Charming Superstition


"X = Not a Whole Lot"
-- John Allen Paulos in The Guardian, 11/18/04:

Excuse my mathematician's obsession with coin flips, but consider this. There is a large bloc of people who will vote for the Republican candidate no matter what, and a similarly reliable Democratic bloc of roughly the same size. There is also a smaller group of voters who either do not have fixed opinions or are otherwise open to changing their vote.

To an extent, these latter people's votes (and thus elections themselves) are determined by chance (external events, campaign gaffes, etc).

So what conclusion would we draw about a coin that landed heads two or three times out of four flips (or about a sequence of two or three Democratic victories in the last four elections)? The answer, of course, is that we would draw no conclusions at all.

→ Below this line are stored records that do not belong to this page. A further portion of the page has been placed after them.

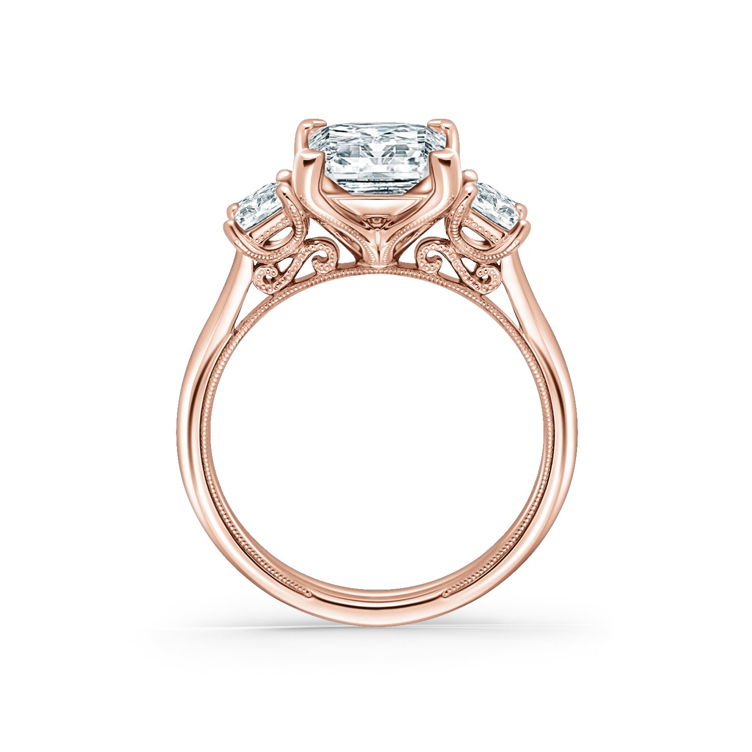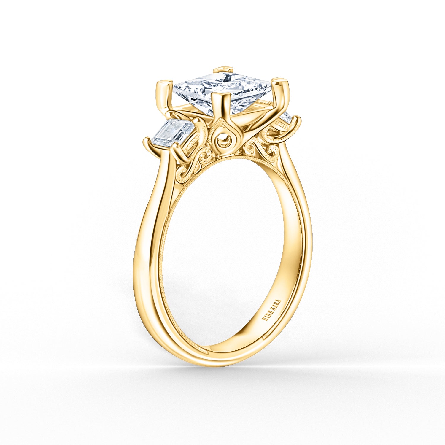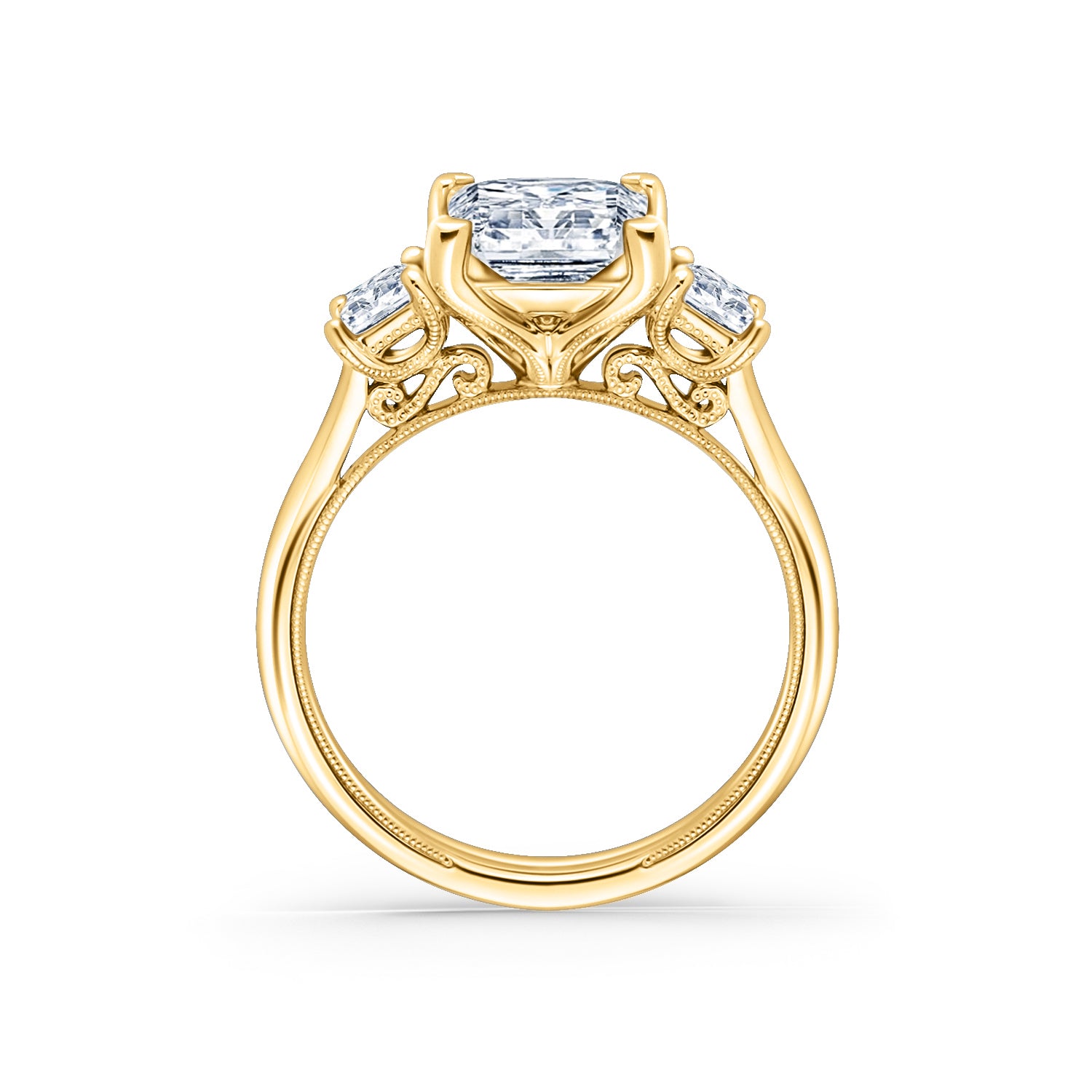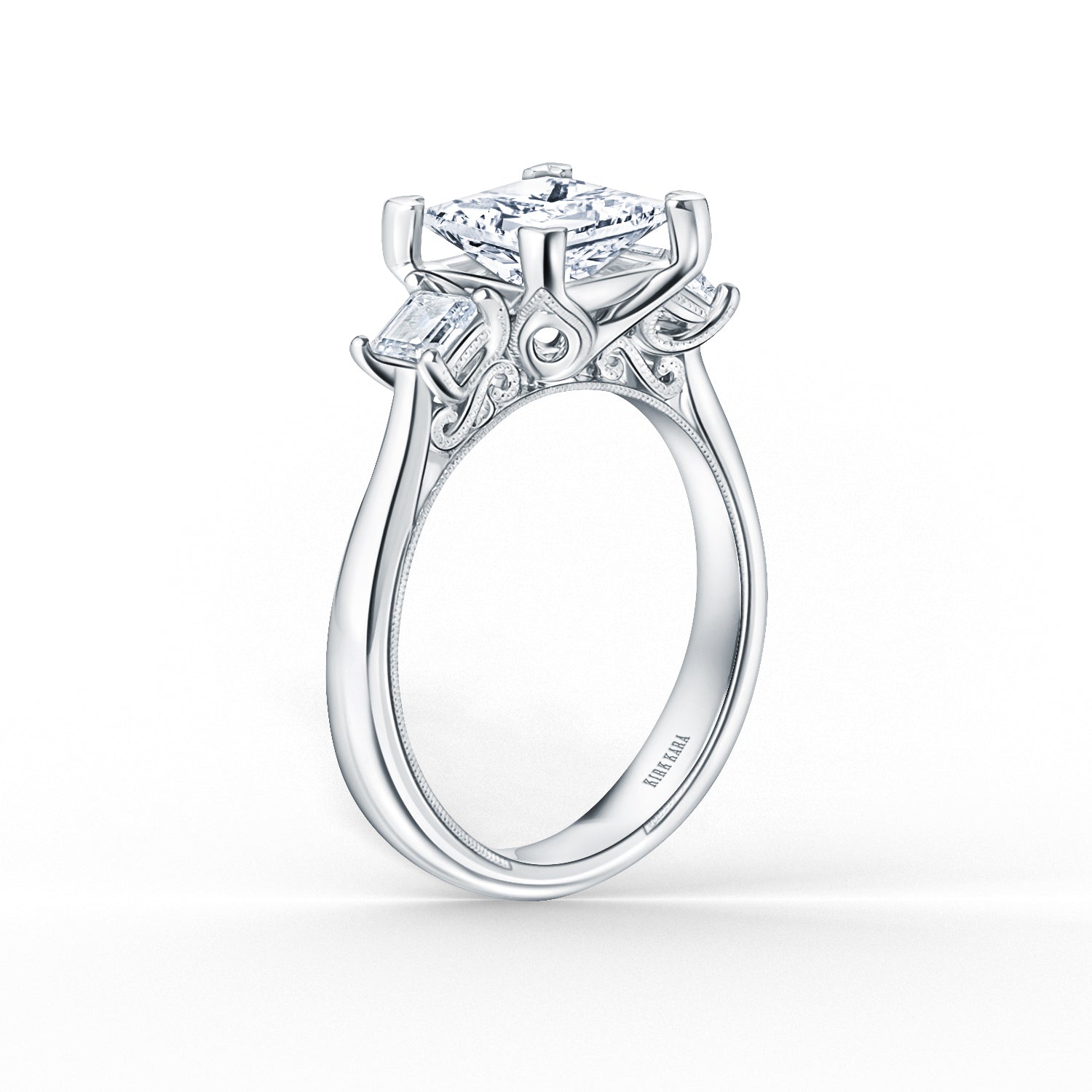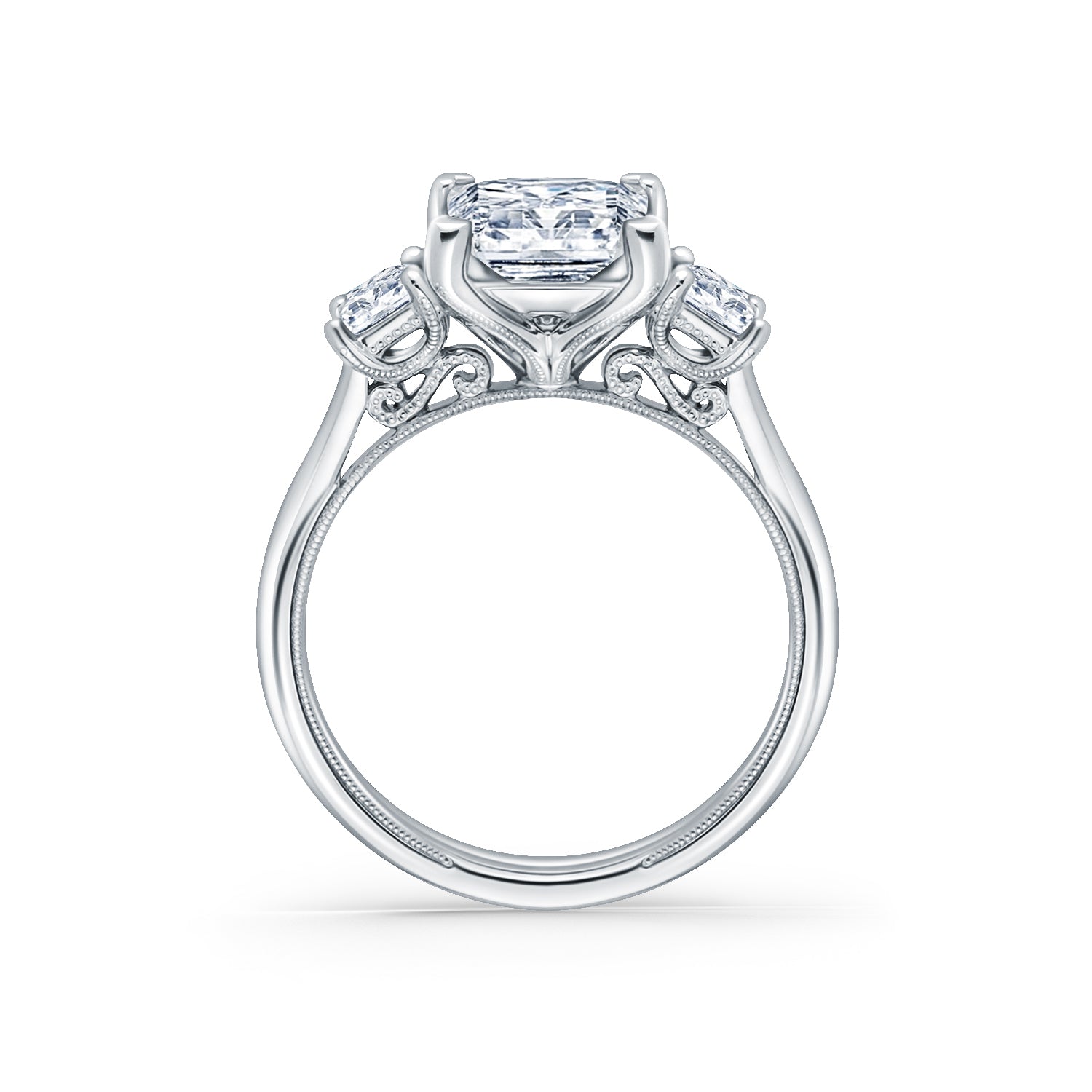 This classic three-stone ring is from the Stella collection. It features 3/4 ctw of diamonds. The signature handcrafted details include milgrain and signature filigree. Both lab grown and natural diamonds are available for this setting. Ring as shown in main image fits a 1.75 carat princess cut stone. All center stone sizes and shapes are possible.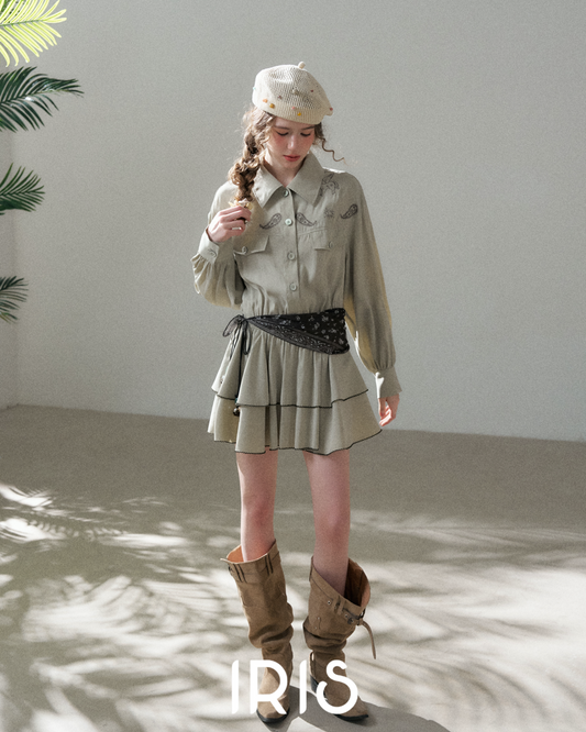 Embroidered Waist Tie Shirt Dress – Grey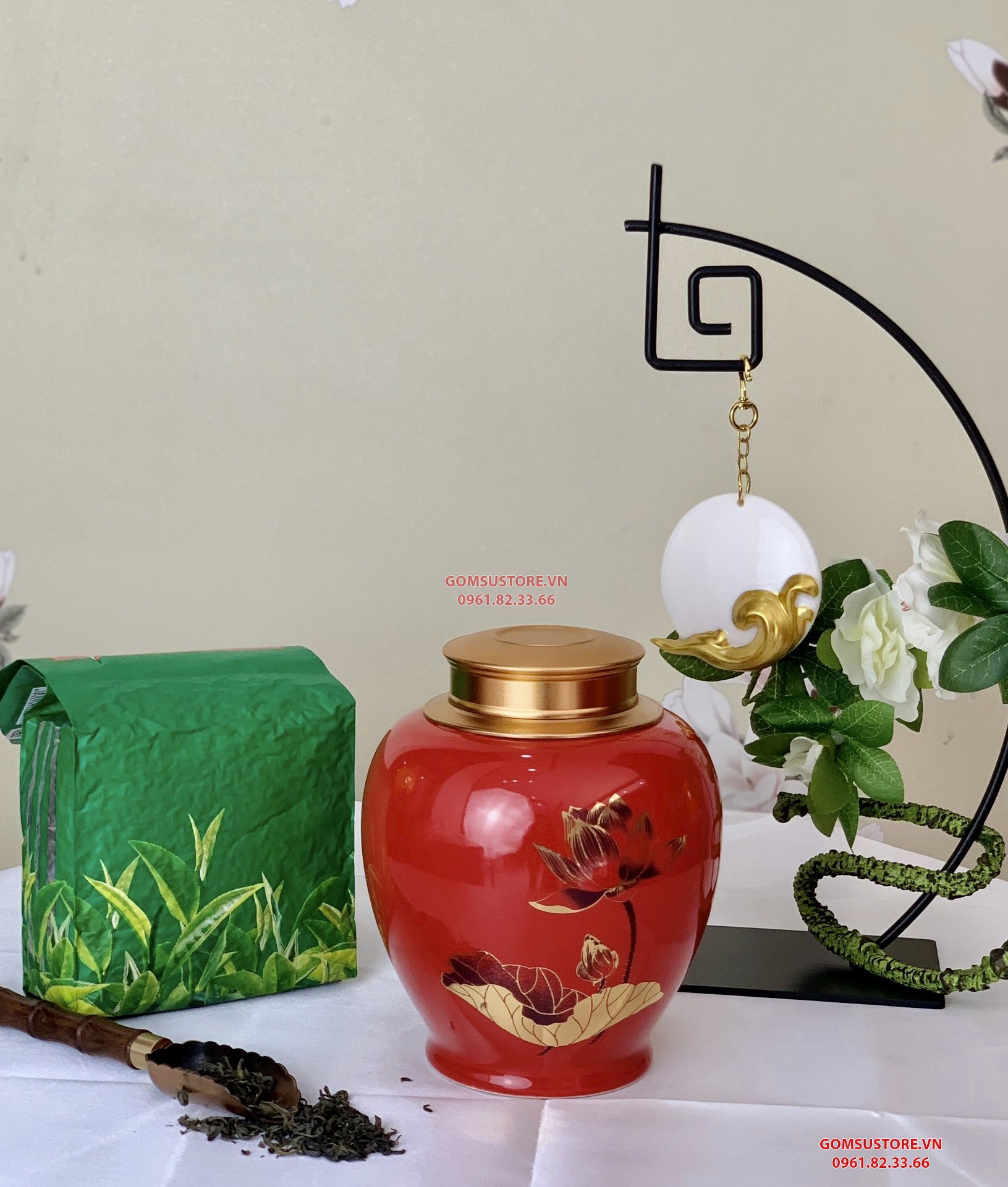 Hũ Đựng chè Vẽ Vàng Màu Đỏ, Lọ đựng Trà Gốm Sứ Bát Tràng Cao Cấp Cao 15 Đường Kính 13

One reason we tend to draw far-reaching conclusions about elections is the charming superstition that significant events must be the consequence of significant events.

This psychological foible is illustrated by an experiment in which a group of subjects is told that a man parked his car on a hill. It then rolled into a fire hydrant. A second group is told that the car rolled into a pedestrian.

The members of the first group generally view the event as an accident; the members of the second generally hold the driver responsible. People are more likely to attribute an event to an agent than to chance if it has momentous or emotional implications. Likewise with elections.